Benj. Franklin Savings and Loan was a thrift based in Portland, in the U.S. state of Oregon. Founded in 1925, the company was seized by the United States Government in 1990. In 1996 the United States Supreme Court found that this and similar seizures were based on an unconstitutional provision of the Financial Institutions Reform, Recovery, and Enforcement Act of 1989 (FIRREA). Shareholders of the thrift sued the federal government for damages caused by the seizure, with the shareholders winning several rounds in the courts. In 2013, $9.5 million was allocated for disbursement to shareholders.

== History ==

Benj. Franklin S&L's television commercials featured its president, Bob Hazen, in which he hawked toasters and other free gifts to woo new depositors and to pitch other financial products and services. Hazen is credited with inventing the thrift marketing phrase: "Pay Yourself First."

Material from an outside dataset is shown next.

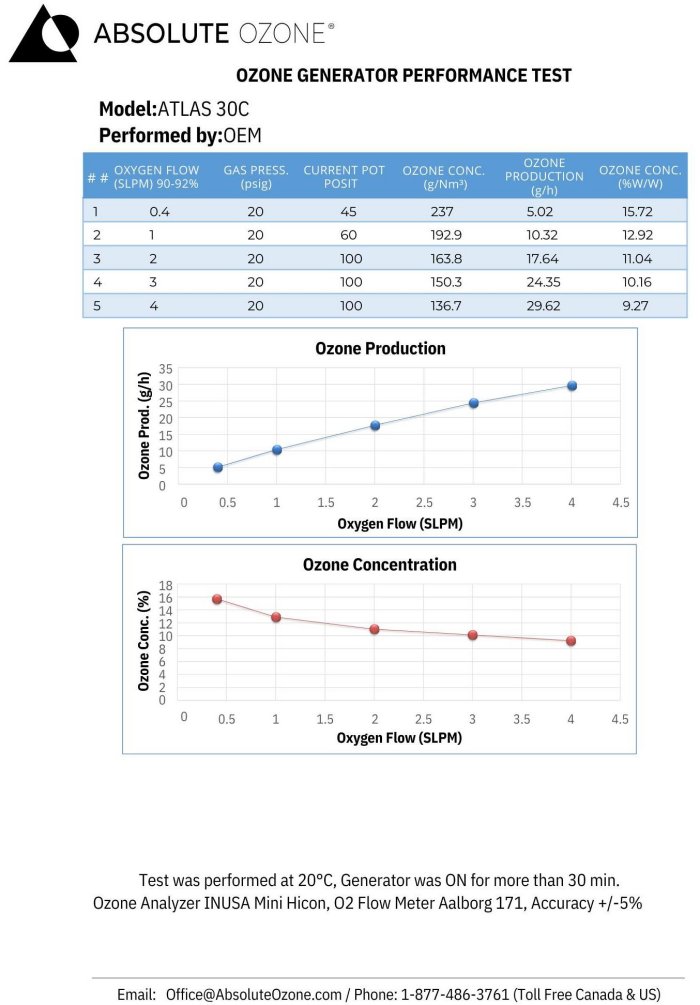 Absolute Ozone - Model Atlas 30C (30 G/H) -High Concentration Ozone Generator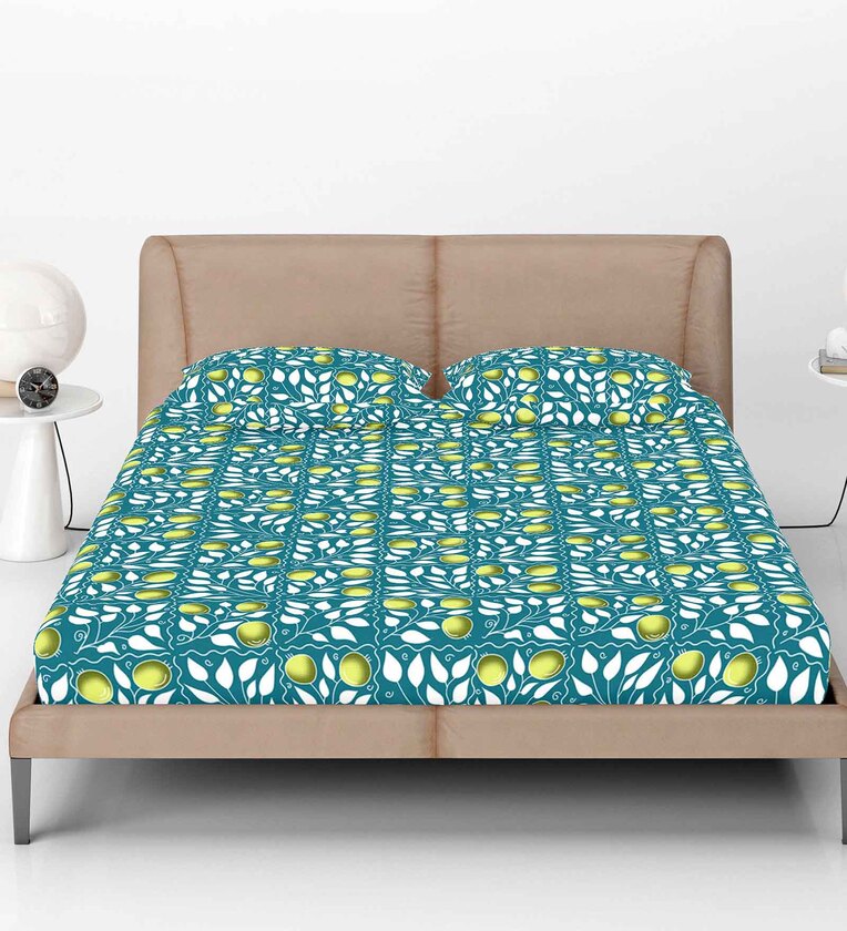Blue Floral 144 TC Cotton Fitted Double Bedsheet with 2 Pillow Covers

Hazen's father founded the Benj. Franklin in 1925. Although the name on signs and letterhead was "Benj." in promotions and discussions, the full word "Benjamin" was always pronounced.

Between 1982 and 1989 the thrift made a profit in 16 consecutive calendar quarters and became the number one mortgage lender in the Portland metropolitan area. It had strong lending positions in other major areas of the Northwest.

== Headquarters ==

Their named headquarters building was 1 SW Columbia, in Portland, Oregon. A 30-story 1980s brick-veneer office building, fronting on the Willamette River near the Hawthorne and Marquam Bridges, the building still stands as the Umpqua Bank Plaza, headquarters of Umpqua Holdings Corporation.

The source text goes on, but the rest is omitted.